頓挫した交流拠点づくりから何を学ぶか2023年02月08日

 1月末に交流拠点づくりの地区代表者会議が開催され、最終的に市の補助金申請を前提とした拠点づくりの断念と、地区代表者会議と検討委員会の解散が承認された。
 丸3年間をかけた取組みの中心的な役割を担ってきた身には何とも切なくて悔いの残る結末だった。とはいえ悔いてばかりもいられない。拠点づくりを通して得られた貴重な教訓は、新たな地域福祉活動の方向性を示唆している。ぜひともこれを地区社協活動に活かしていきたい。”ピンチをチャンスに”である。

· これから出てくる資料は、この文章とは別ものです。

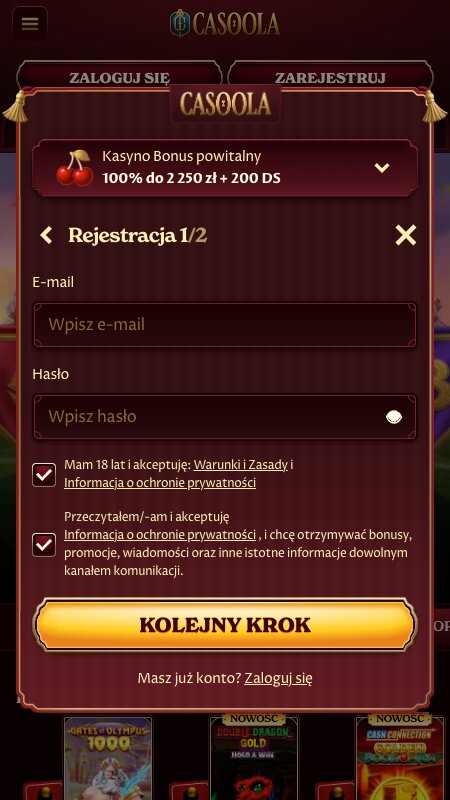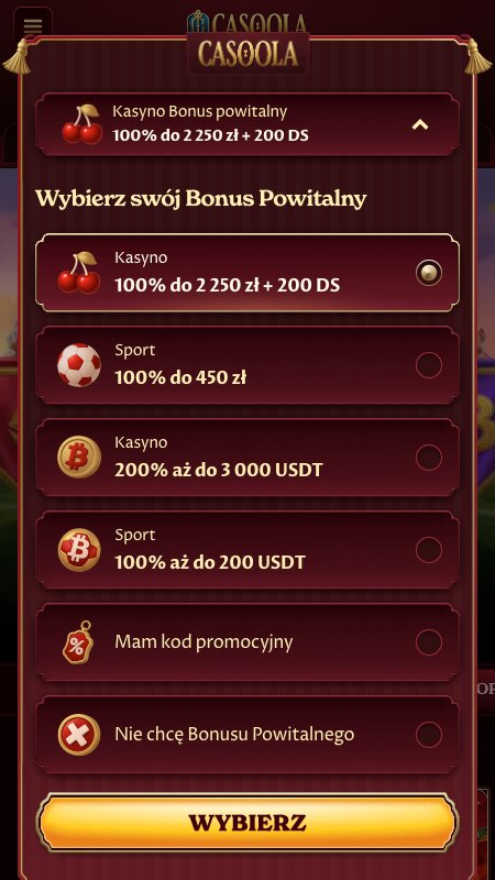 Nie jest dostępny kod promocyjny Casoola. Wszystkie bonusy otrzymasz poprzez rejestrację z naszego odnośnika.

 交流拠点という公的補助金申請を前提とした新たな事業を立ち上げる上で「地域の合意形成」が欠かせない。そのため対象地区の二つの自治会を始め青愛協、SC21、老人会等の地域組織(地縁組織)や、つどい場、障害者家族会等の自主活動グループ(志縁組織)による協議決定の枠組みでスタートした。最終的にこの枠組みでの「地域合意」が得られなかった。関係者間の補助金の大きさがもたらす主導権争いや思惑が影を落としたようにも思えた。
 反面で、取組みの過程で様々な地域の状況が把握できた。地域組織の多くが会員の減少や役員の欠員という事態に直面している。他方で多様な自主活動グループが地域で活発な活動を展開している。「地縁組織から志縁組織へ」という地域活動のトレンドである。
 このトレンドを折り込んだ地区社協の新たな脱皮が求められている。対象地区の住民の共感を呼ぶ活動や事業の一層の取り組みが必要だ。地区社協の各事業部の自主的な新たな活動を促したい。その集大成として年一回、事業部合同の活動紹介イベントを開催し、地域住民の皆さんに地区社協活動の全体像をお伝えしたい。また新たな地域活動を志す個人やグループに対して「会場」「広報」「費用」等を支援する事業も着手したい。地域の新たな活動と人材の発掘であり、地区社協とのつながりづくりとなる。
 こうした取組みは地縁組織である地区社協の新たな性格や機能を追加する。地縁組織から志縁組織に向かう過渡期の性格を帯びてくる。地区社協が地域の様々な自主活動の土台となるいわば「プラットホーム」の機能への脱皮を意味している。
 自治会等の典型的な地縁組織との過度な期待や連携はいたずらに摩擦や混乱を招きかねないことを学んだ。補助金申請等の事業への参入も主導権争いや地域に対立と分断を招きかねない。要は地区社協として共感される理念を掲げて裾野を広く足場を固めて自立することこそが課題である。そのためのコンセプトがプラットホームと言える。